Good luck stopping him with their “roller skate defense” as NESN’s Andy Gresh calls it. In two games, UMass defenders have yielded 870 yards. The line can’t pass rush, and the secondary can’t tackle. Against Southern Illinois, they let a player with the size and speed of Hoss Cartwright ramble for an 85-yard touchdown.

Coaching is all about repetition, but trained seals could’ve played better than the offensive line that was flagged six times in the first half for illegal procedure. It was laughable, like F-Troop.

During a taped interview at halftime, first-year coach Walt Bell said, “I’ve got one professional goal. One night, one time, I want to have the chance to be the best in the world.”

Then he added: “Now, how you define ‘world’ is up to you.”


With the Tennessee accent and black hair slicked back in a duck tail, Bell comes off as part Bobby Bowden and part Elvis Presley. “There’s Bell, always got the hair looking good,” said Gresh.

Athletic director Ryan Bamford recollected being blown away by Bell’s job interview. “He was as prepared as anybody at any time during my time at UMass,” Bamford marveled. “This guy loves his kids. Love. Love. Love. That kept coming out.”

Love, even tough love, isn’t going to help this program. The talent was wrung dry by the time Mark Whipple left, and Bell is on the precipice of coaching a historically bad team to an 0-12 record.

Some might call it the worst season in the world, depending how you define it.

Deerfield Academy football coach Brian Barbato reached out to Chris Lapointe after low numbers forced Turners Falls High School to drop the sport. Lapointe will be coaching quarterbacks and linebackers. “I’m still trying to get used to wearing green,” he joked. “It’s Deerfield green, not Greenfield green.”

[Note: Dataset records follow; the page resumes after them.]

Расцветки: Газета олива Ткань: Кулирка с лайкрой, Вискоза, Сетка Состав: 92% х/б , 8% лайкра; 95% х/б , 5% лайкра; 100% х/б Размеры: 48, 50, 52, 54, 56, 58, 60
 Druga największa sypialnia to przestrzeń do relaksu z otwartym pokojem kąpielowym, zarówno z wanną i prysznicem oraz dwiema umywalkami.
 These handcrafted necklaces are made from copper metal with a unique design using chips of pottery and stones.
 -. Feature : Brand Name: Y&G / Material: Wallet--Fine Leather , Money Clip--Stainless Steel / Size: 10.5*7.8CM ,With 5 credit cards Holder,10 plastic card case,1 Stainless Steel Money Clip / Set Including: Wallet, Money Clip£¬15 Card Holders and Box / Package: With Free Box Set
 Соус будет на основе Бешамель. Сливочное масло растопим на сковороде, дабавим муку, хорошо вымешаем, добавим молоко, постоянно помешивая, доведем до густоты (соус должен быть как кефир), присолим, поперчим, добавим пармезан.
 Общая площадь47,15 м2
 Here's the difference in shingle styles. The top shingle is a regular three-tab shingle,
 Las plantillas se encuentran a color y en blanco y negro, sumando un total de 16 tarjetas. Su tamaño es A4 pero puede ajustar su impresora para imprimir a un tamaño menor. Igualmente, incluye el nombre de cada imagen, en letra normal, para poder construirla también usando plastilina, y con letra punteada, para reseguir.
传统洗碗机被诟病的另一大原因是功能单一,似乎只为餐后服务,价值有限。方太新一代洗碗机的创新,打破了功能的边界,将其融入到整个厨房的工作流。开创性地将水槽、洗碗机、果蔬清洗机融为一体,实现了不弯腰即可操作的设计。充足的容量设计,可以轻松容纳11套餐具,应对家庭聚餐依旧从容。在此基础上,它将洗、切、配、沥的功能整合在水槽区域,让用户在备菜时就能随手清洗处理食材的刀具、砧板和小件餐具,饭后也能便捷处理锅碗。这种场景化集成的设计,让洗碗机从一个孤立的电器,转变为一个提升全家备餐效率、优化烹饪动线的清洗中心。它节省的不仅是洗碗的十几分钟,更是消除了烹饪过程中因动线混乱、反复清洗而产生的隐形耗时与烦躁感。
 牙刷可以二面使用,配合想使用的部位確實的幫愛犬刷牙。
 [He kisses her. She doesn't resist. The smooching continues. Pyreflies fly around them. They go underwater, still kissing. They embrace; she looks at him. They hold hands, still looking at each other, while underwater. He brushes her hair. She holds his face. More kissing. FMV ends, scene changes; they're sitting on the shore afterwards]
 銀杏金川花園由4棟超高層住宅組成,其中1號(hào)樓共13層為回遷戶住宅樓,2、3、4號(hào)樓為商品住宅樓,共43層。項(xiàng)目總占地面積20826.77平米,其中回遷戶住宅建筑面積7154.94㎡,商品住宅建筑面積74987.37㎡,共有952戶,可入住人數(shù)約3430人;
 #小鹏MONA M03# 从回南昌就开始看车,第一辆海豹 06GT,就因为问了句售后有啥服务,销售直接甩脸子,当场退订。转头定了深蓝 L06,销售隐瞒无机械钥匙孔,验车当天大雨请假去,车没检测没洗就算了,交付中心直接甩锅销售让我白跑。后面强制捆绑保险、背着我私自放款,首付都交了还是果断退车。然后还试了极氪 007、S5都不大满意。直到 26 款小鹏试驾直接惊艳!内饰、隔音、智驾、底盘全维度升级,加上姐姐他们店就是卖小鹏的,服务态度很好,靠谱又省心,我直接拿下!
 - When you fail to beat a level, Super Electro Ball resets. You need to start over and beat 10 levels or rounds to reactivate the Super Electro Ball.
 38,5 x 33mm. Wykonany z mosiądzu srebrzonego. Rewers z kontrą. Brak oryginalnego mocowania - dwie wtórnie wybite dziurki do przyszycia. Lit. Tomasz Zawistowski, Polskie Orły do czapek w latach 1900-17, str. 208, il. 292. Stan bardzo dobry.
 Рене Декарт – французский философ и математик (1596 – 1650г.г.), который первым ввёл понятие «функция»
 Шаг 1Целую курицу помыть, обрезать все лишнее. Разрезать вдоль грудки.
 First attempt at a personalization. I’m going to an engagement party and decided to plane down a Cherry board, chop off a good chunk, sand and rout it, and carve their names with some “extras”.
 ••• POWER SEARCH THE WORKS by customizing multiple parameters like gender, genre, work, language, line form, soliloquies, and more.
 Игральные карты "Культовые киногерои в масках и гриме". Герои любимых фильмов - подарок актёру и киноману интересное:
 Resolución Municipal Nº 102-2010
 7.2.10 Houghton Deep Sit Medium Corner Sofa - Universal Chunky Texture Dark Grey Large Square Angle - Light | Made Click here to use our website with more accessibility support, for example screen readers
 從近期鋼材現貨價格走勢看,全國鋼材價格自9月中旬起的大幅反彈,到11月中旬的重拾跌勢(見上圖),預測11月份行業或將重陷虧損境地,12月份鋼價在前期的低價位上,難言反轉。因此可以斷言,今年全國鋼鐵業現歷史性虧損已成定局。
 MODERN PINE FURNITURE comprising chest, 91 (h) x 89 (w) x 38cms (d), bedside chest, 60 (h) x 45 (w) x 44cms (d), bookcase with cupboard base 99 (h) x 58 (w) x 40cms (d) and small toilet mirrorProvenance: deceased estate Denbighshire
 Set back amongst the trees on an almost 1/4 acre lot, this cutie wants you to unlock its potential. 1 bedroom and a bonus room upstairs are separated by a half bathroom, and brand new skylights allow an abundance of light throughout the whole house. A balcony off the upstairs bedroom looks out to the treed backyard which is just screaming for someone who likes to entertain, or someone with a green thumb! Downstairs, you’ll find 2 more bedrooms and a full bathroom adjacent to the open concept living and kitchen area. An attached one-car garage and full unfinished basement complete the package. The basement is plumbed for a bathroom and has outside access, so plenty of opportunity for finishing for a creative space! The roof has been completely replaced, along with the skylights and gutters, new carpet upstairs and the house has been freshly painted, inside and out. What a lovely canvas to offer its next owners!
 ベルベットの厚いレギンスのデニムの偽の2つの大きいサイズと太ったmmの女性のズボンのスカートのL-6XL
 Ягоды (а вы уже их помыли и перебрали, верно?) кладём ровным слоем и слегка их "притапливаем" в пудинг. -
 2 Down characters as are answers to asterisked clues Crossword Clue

Years ago the Big Red referred to Mount Hermon, but now it’s Lawrenceville. Deerfield bussed to New Jersey last night in preparation for today’s season opener (2:30 p.m.). Lawrenceville is coached by Princeton grad Harry Flaherty.

Lapointe, who coached 10 seasons at TFHS, will return for next month’s Homecoming game at Bourdeau Field. “Doug wants me to be there, so I’ll be there,” he said, referring to Warriors coach Doug McCloud.

The 25th annual Don Maynard Memorial Road Race is next Saturday. The 5-mile race starts at 9:30 a.m. on Nash’s Mill Road near the Greenfield Swimming Pool. It continues through the Greenfield Meadows and loops around to GCC and over to the bike path. Shelburne’s Dan Smith (26:21) and Plainfield’s Meghan Davis (31:58) were the respective winners of last year’s race.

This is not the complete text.